3 minute read
AR+D Publishing
from Building Practice
Thom: This characterization of practice as a kind of accumulation of small actions takes cues from Dana Cuff, who diagnosed a common dissonance between what design professionals—from partners to interns—believe the practice of architecture to entail and the professional activities they routinely perform. The premium that architectural education places on individual authorship and design, she argues, leads to disappointment in the managerial reality of nurturing projects to completion. We came to the task of managing a building practice with eyes wide open. After years of working more in the academic realm of exhibitions, research, and installations, we made a deliberate shift toward a more client-driven model of practice in order to begin translating those ideas into physical buildings that would have a life outside the speculative realm of representation. We’ve found that the collaborative nature of
T+E+A+M that made those early projects fun and surprising has enabled us to extend those channels of collaboration to clients and others involved.

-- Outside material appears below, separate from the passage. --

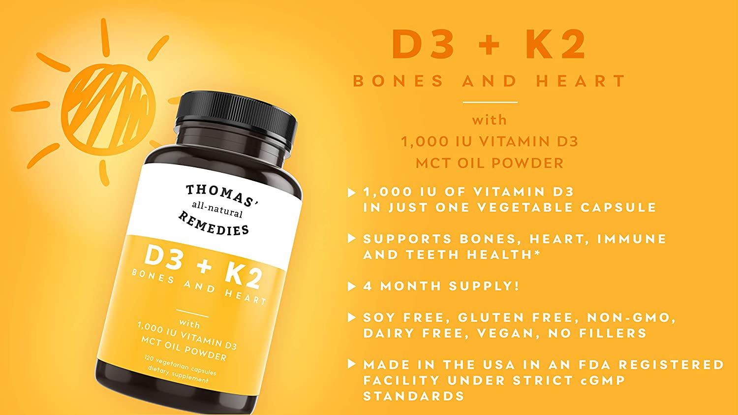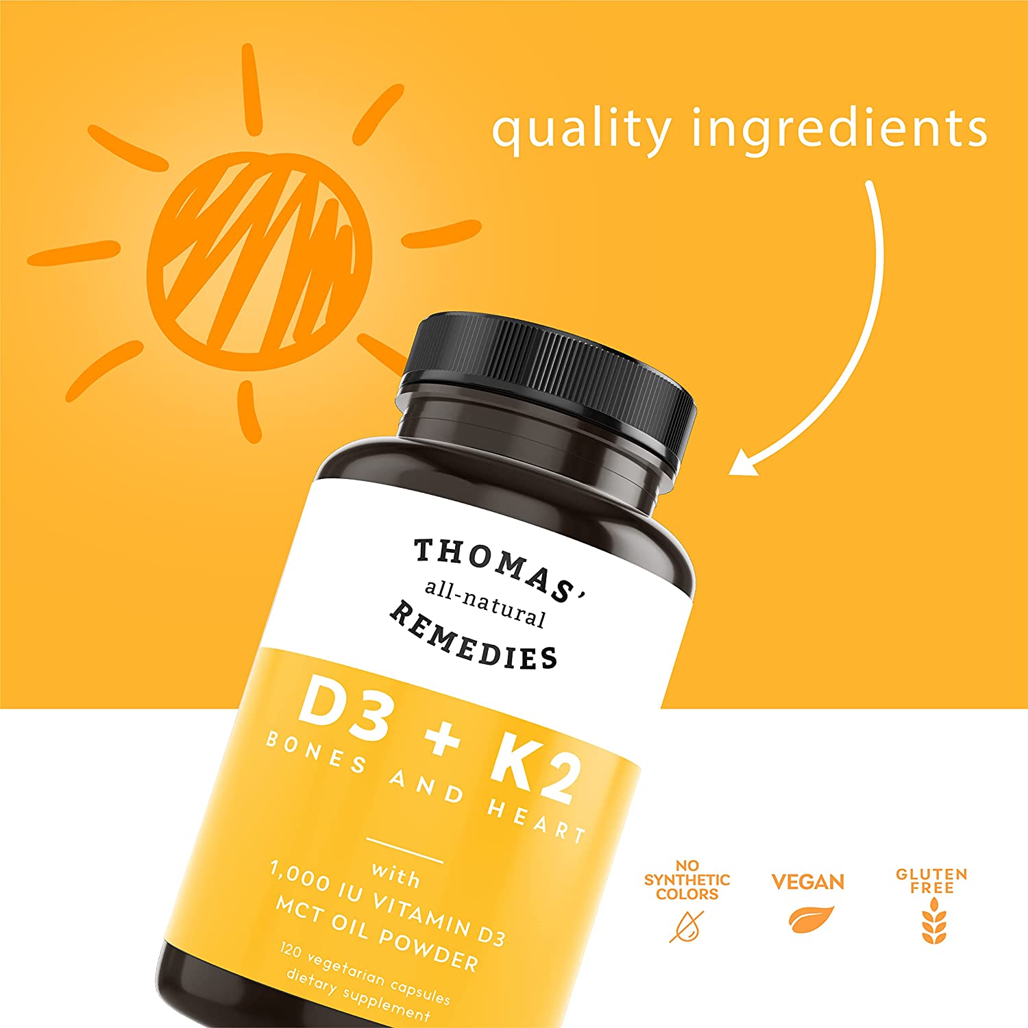 Thomas' all-natural Remedies D3 + K2 with MCT Oil for Better Absorption - 1000 IU D3 - Vegan - Made in USA - Support for Your Heart, Bones & Teeth - Non-GMO - 120ct

What is the responsibility of the architect, and how do you think it has changed throughout your career?
Thom: There are a couple of different ways you could frame responsibility, and there are many ways in which this has changed in the last twenty years. There’s the issue of sustainability, but I don’t think there’s much disagreement that it’s an important part of what we do and should always be considered. More recently, there’s the responsibility to be inclusive and consider how architecture intersects with social justice. But I have a more romantic view about the architect’s role in society, as a visionary or as a critic or as someone who offers a different worldview compared to dominant ideologies. We have an opportunity and responsibility to offer a critique of the world through buildings we design. Meredith: I agree and would also add that critique is much more collaborative today. There’s an awareness and a willingness to work across different fields, acknowledging that executing a building design isn’t the work of a singular author. There are so many people involved, and the responsibilities associated with building are distributed across an ecology of different disciplines. A successful architect can assert a vision while acknowledging the different roles and contributions of many other individuals.
Thom: Right, and I’ll put a fine point on that. An architect can positively affect the world through design. You know, there are all kinds of ways an architect can be ethical, but if it doesn’t show up in the building, we’re not doing our part. There are lots of different hats you can put on. You can go out and be an activist. But we have a responsibility to make our beliefs and provocations manifest in the buildings that we design in addition to the ways we conduct ourselves as professionals and as citizens.
How have recent global events related to racial injustice and public health affected your approach to practice?
Meredith: In different ways, the recent reckoning with racial injustice and need for physical distancing have absolutely affected our practice and the relationships that compose our work as architects and educators. Putting buildings in the world is not the only, or most immediate, way that architects contribute to social and racial justice. It’s important to pay attention to how we conduct ourselves as professionals—hiring, giving, forming collaborations, taking clients—and as teachers within an institution. So much of what sets the expectations of our profession begins in school, and each of us feels committed to shifting the culture away from what we experienced as students, where architecture was presented to us as an exclusive domain of the initiated, toward a pedagogical environment that elevates BIPOC and other marginalized voices and prioritizes anti-racist approaches to the built environment.
Thom: Regarding the COVID-19 pandemic, the repercussions are still rippling through vulnerable populations and the economy. Supply-chain problems are driving up building material costs, housing insecurity is on the rise, school-aged kids have lost a lot of ground, and despite the slowdown in travel in 2020, atmospheric carbon continues to increase at cataclysmic levels—these are some of the issues that our discipline will be contending with in years to come.
Where does your aesthetic sensibility come from? What are your sources of inspiration?
Meredith: It’s a process of discovery. We begin by sorting out shared intuitions and values for a project. Our different approaches often lead us to certain aesthetics that surprise us.